### EXERCISE MATERIAL
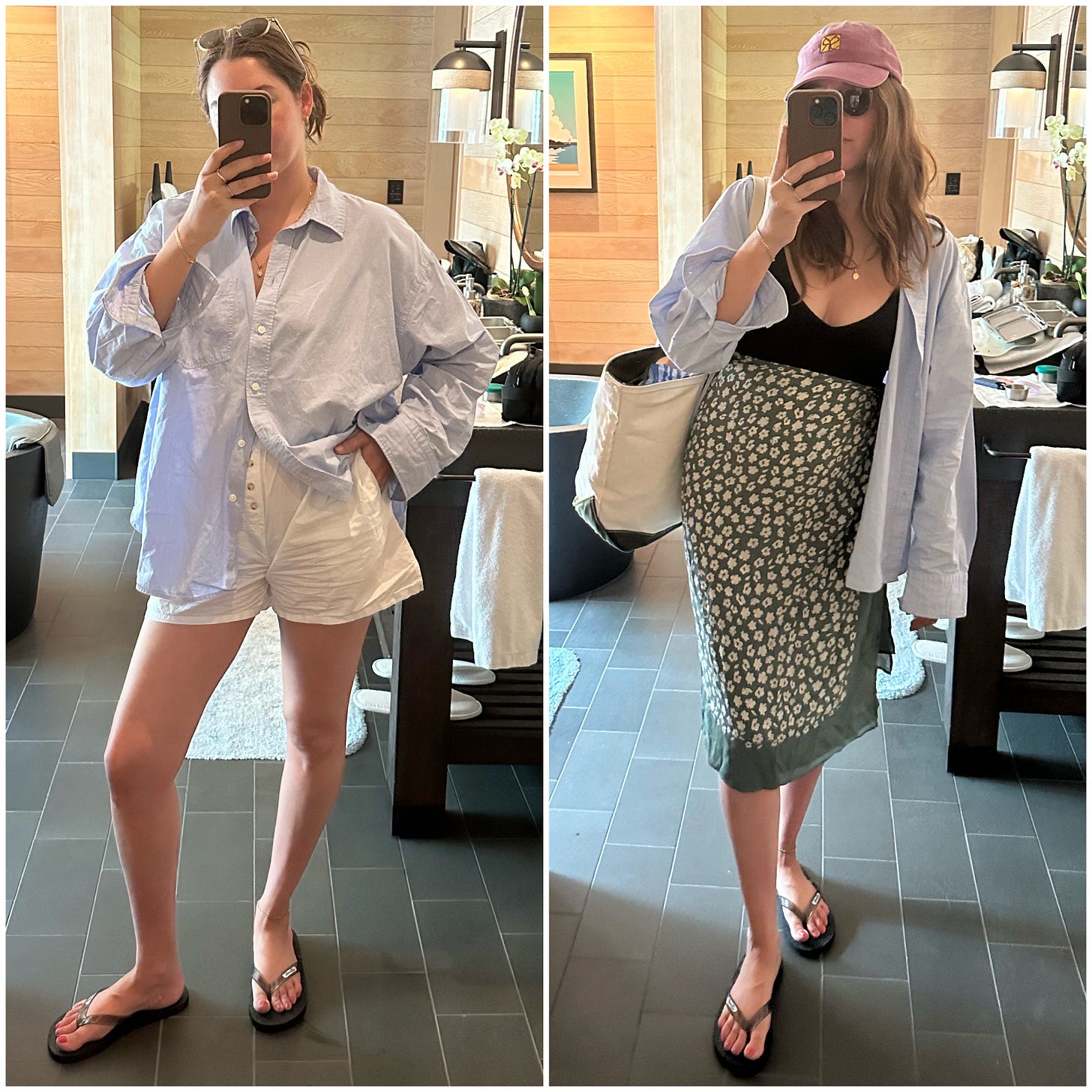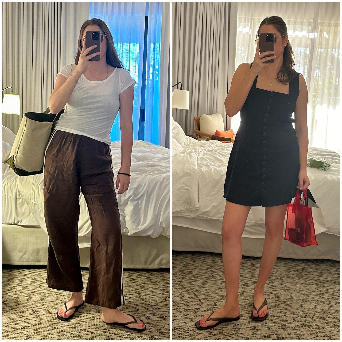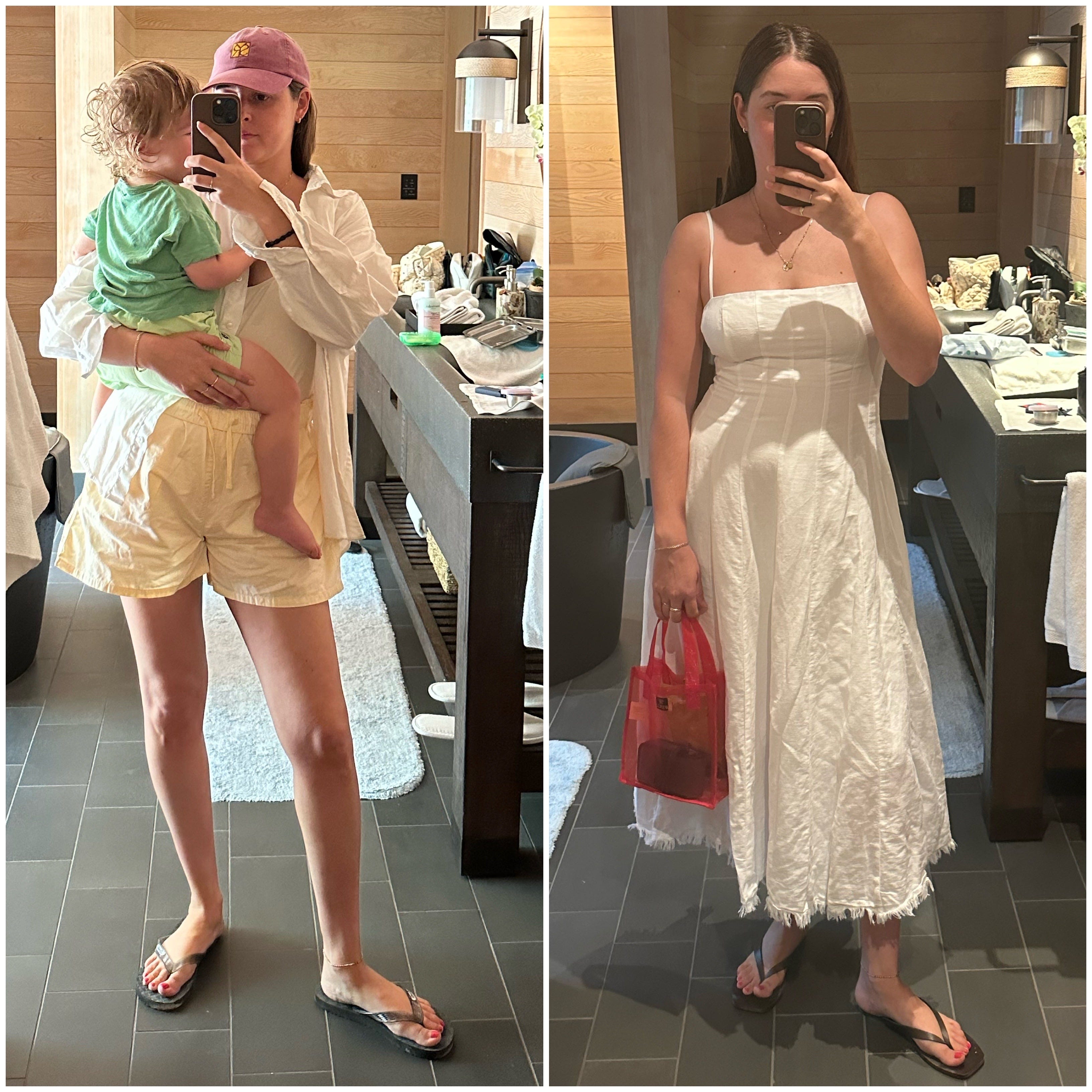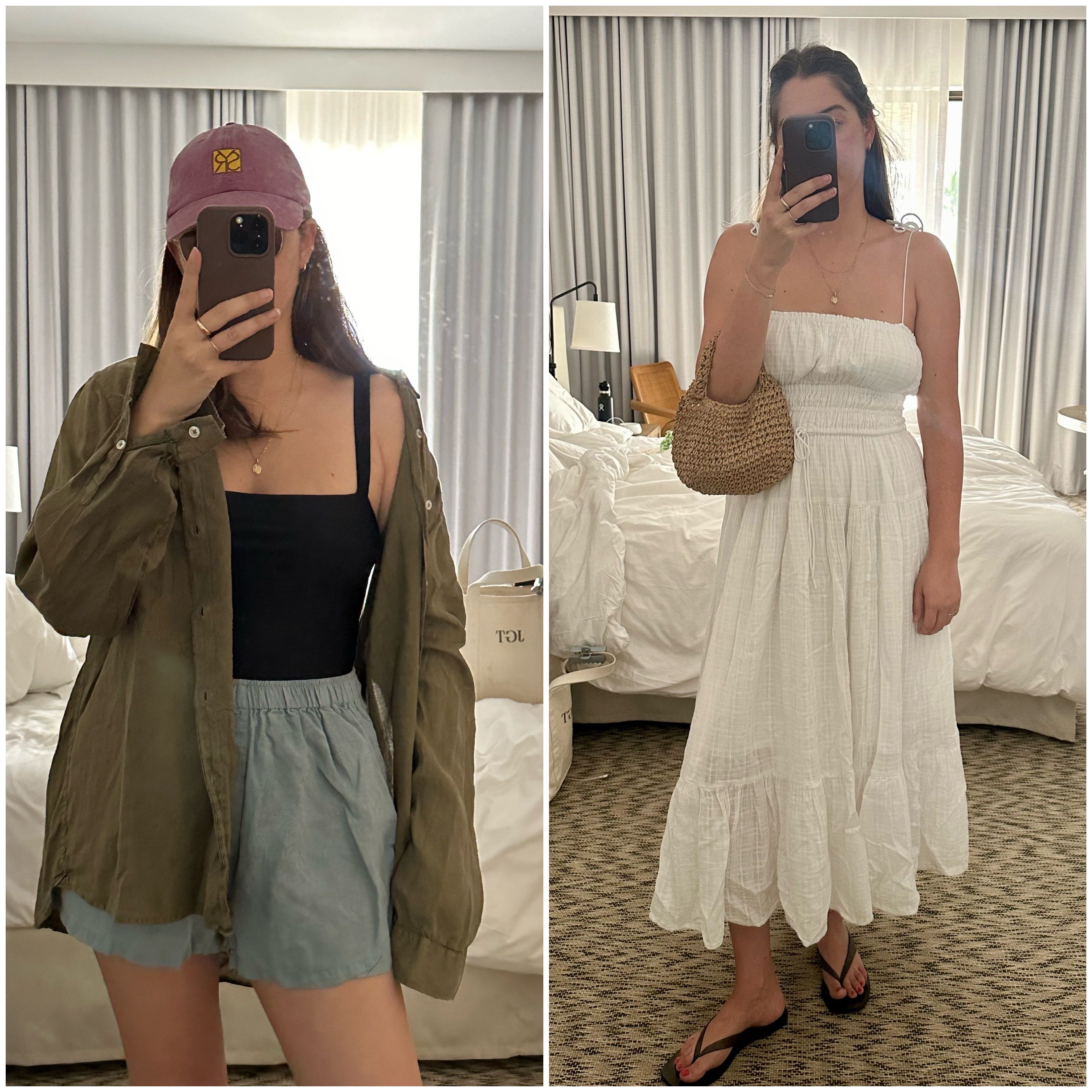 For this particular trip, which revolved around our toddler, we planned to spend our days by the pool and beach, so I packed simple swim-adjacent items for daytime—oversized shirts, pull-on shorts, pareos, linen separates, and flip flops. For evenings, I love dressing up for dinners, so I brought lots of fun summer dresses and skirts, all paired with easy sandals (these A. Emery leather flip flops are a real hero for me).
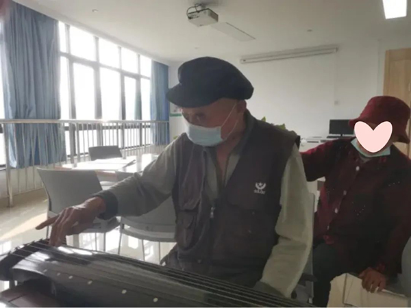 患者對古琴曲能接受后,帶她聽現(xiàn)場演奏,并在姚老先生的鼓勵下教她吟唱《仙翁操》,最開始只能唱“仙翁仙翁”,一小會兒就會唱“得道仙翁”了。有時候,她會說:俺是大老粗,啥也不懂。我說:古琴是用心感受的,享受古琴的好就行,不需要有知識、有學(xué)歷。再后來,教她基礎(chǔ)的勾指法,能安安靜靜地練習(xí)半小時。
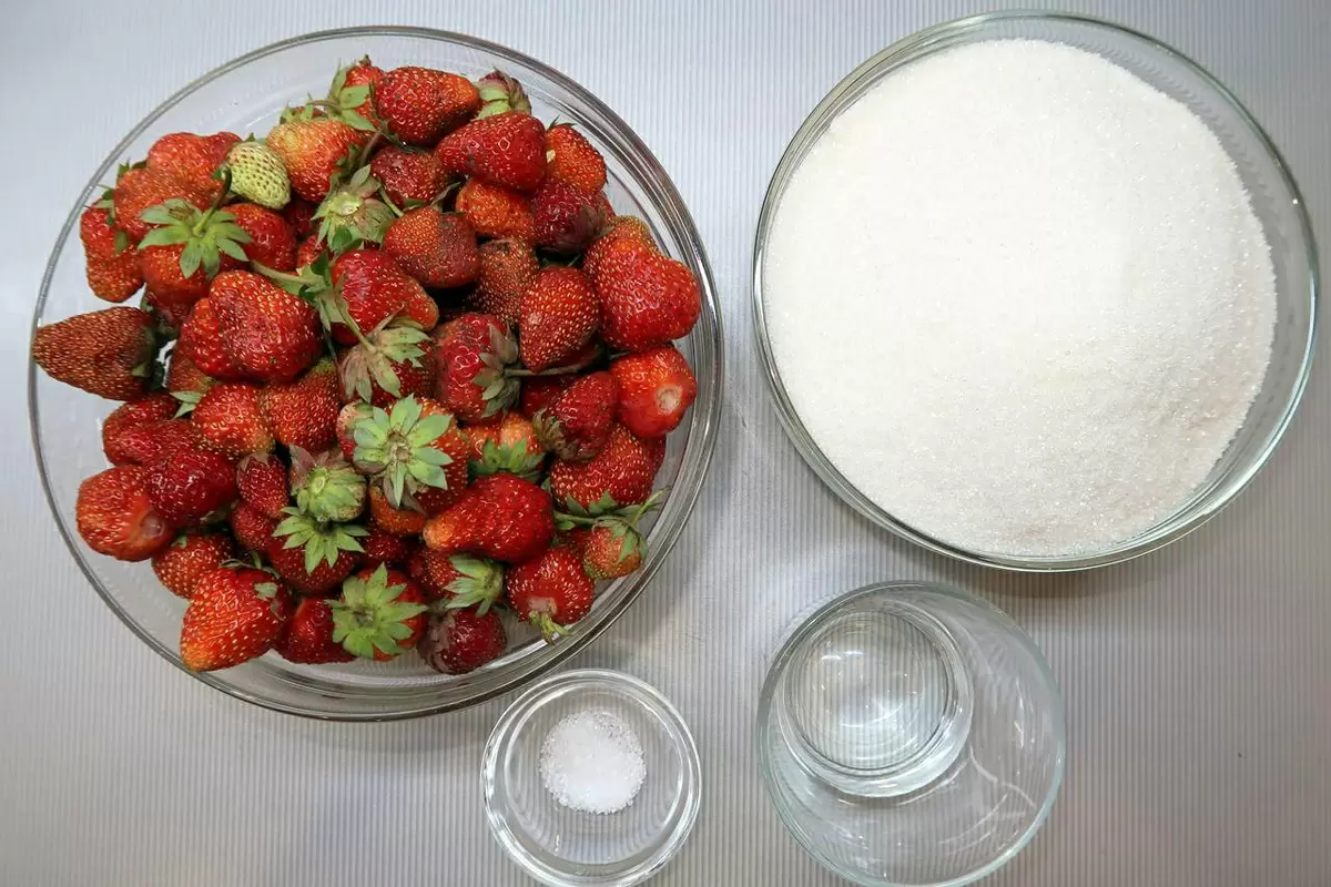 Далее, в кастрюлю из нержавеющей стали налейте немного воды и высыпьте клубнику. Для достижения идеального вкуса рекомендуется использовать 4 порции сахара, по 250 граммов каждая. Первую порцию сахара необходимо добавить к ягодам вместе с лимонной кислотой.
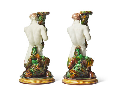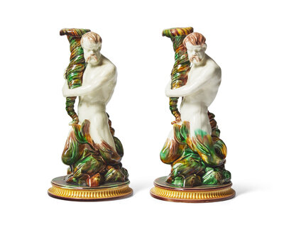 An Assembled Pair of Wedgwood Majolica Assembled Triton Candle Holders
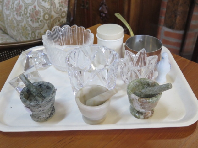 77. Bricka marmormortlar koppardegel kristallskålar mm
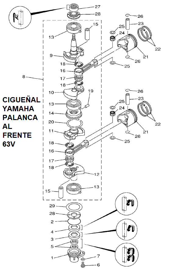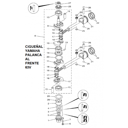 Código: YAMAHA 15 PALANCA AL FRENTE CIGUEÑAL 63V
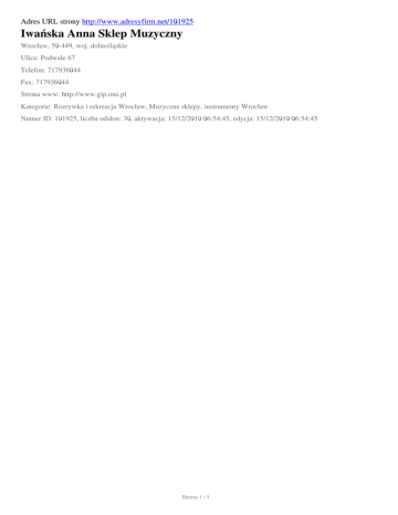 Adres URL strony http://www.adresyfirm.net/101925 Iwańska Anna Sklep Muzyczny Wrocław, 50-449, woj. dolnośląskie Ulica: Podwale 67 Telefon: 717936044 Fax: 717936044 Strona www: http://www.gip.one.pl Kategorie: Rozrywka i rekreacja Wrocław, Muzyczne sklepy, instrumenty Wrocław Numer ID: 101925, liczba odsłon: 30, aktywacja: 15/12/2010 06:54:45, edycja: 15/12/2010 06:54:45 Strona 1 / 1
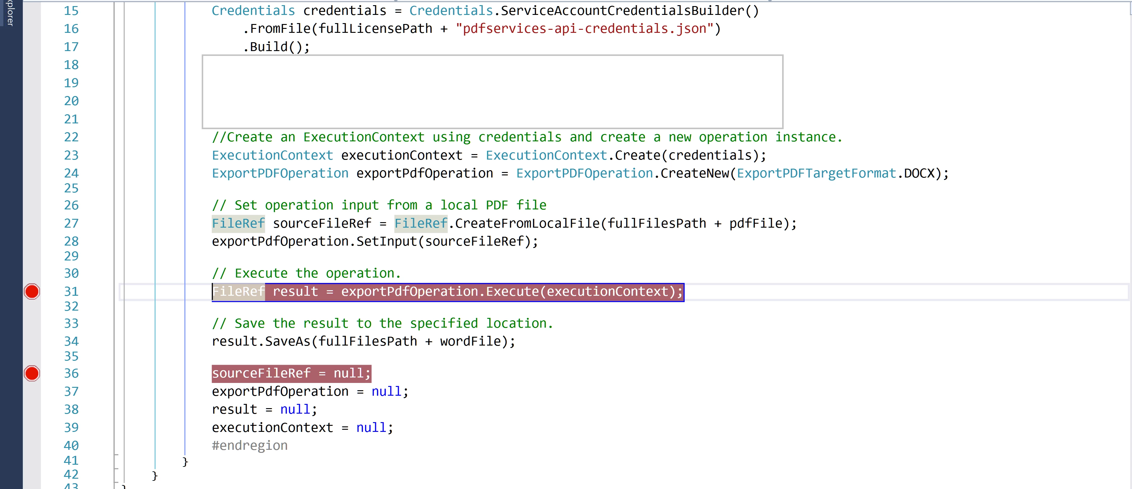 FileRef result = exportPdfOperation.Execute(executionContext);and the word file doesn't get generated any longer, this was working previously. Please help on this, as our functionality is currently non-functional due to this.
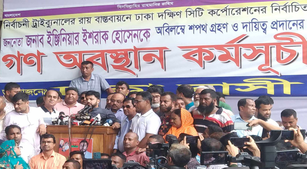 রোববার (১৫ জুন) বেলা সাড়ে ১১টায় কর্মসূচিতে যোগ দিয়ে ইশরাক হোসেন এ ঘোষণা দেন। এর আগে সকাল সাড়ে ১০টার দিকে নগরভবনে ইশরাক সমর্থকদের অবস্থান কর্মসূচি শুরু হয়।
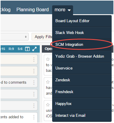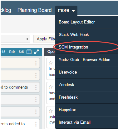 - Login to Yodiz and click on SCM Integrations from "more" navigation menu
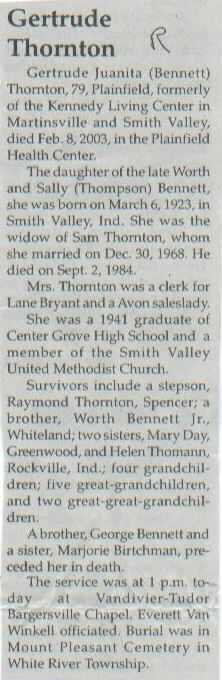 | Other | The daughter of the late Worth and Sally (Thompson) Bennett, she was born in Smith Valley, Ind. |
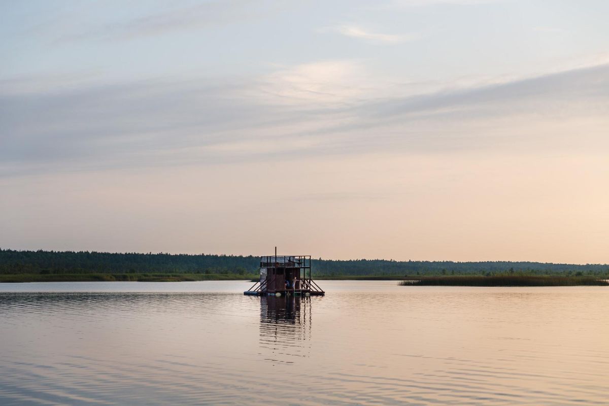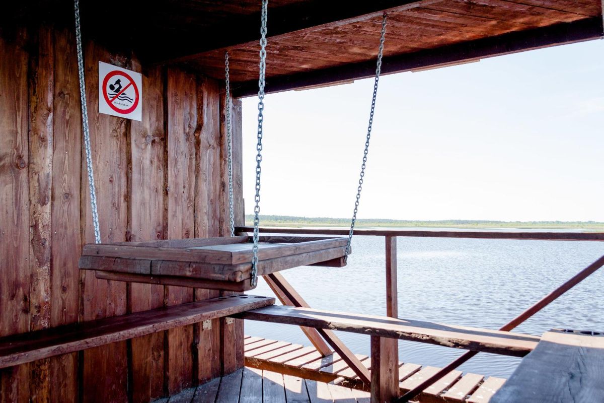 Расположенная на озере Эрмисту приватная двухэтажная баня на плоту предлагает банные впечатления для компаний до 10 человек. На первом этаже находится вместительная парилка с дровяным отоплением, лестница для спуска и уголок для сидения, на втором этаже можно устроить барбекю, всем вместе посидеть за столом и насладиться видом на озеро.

### INSTRUCTIONS FOR THE TASK
The full text of the data above, exact and without pictures, is what to return.

### ANSWER SECTION
 For this particular trip, which revolved around our toddler, we planned to spend our days by the pool and beach, so I packed simple swim-adjacent items for daytime—oversized shirts, pull-on shorts, pareos, linen separates, and flip flops. For evenings, I love dressing up for dinners, so I brought lots of fun summer dresses and skirts, all paired with easy sandals (these A. Emery leather flip flops are a real hero for me).
 患者對古琴曲能接受后,帶她聽現(xiàn)場演奏,并在姚老先生的鼓勵下教她吟唱《仙翁操》,最開始只能唱“仙翁仙翁”,一小會兒就會唱“得道仙翁”了。有時候,她會說:俺是大老粗,啥也不懂。我說:古琴是用心感受的,享受古琴的好就行,不需要有知識、有學(xué)歷。再后來,教她基礎(chǔ)的勾指法,能安安靜靜地練習(xí)半小時。
 Далее, в кастрюлю из нержавеющей стали налейте немного воды и высыпьте клубнику. Для достижения идеального вкуса рекомендуется использовать 4 порции сахара, по 250 граммов каждая. Первую порцию сахара необходимо добавить к ягодам вместе с лимонной кислотой.
 An Assembled Pair of Wedgwood Majolica Assembled Triton Candle Holders
 77. Bricka marmormortlar koppardegel kristallskålar mm
 Código: YAMAHA 15 PALANCA AL FRENTE CIGUEÑAL 63V
 Adres URL strony http://www.adresyfirm.net/101925 Iwańska Anna Sklep Muzyczny Wrocław, 50-449, woj. dolnośląskie Ulica: Podwale 67 Telefon: 717936044 Fax: 717936044 Strona www: http://www.gip.one.pl Kategorie: Rozrywka i rekreacja Wrocław, Muzyczne sklepy, instrumenty Wrocław Numer ID: 101925, liczba odsłon: 30, aktywacja: 15/12/2010 06:54:45, edycja: 15/12/2010 06:54:45 Strona 1 / 1
 FileRef result = exportPdfOperation.Execute(executionContext);and the word file doesn't get generated any longer, this was working previously. Please help on this, as our functionality is currently non-functional due to this.
 রোববার (১৫ জুন) বেলা সাড়ে ১১টায় কর্মসূচিতে যোগ দিয়ে ইশরাক হোসেন এ ঘোষণা দেন। এর আগে সকাল সাড়ে ১০টার দিকে নগরভবনে ইশরাক সমর্থকদের অবস্থান কর্মসূচি শুরু হয়।
 - Login to Yodiz and click on SCM Integrations from "more" navigation menu
 | Other | The daughter of the late Worth and Sally (Thompson) Bennett, she was born in Smith Valley, Ind. |
 Расположенная на озере Эрмисту приватная двухэтажная баня на плоту предлагает банные впечатления для компаний до 10 человек. На первом этаже находится вместительная парилка с дровяным отоплением, лестница для спуска и уголок для сидения, на втором этаже можно устроить барбекю, всем вместе посидеть за столом и насладиться видом на озеро.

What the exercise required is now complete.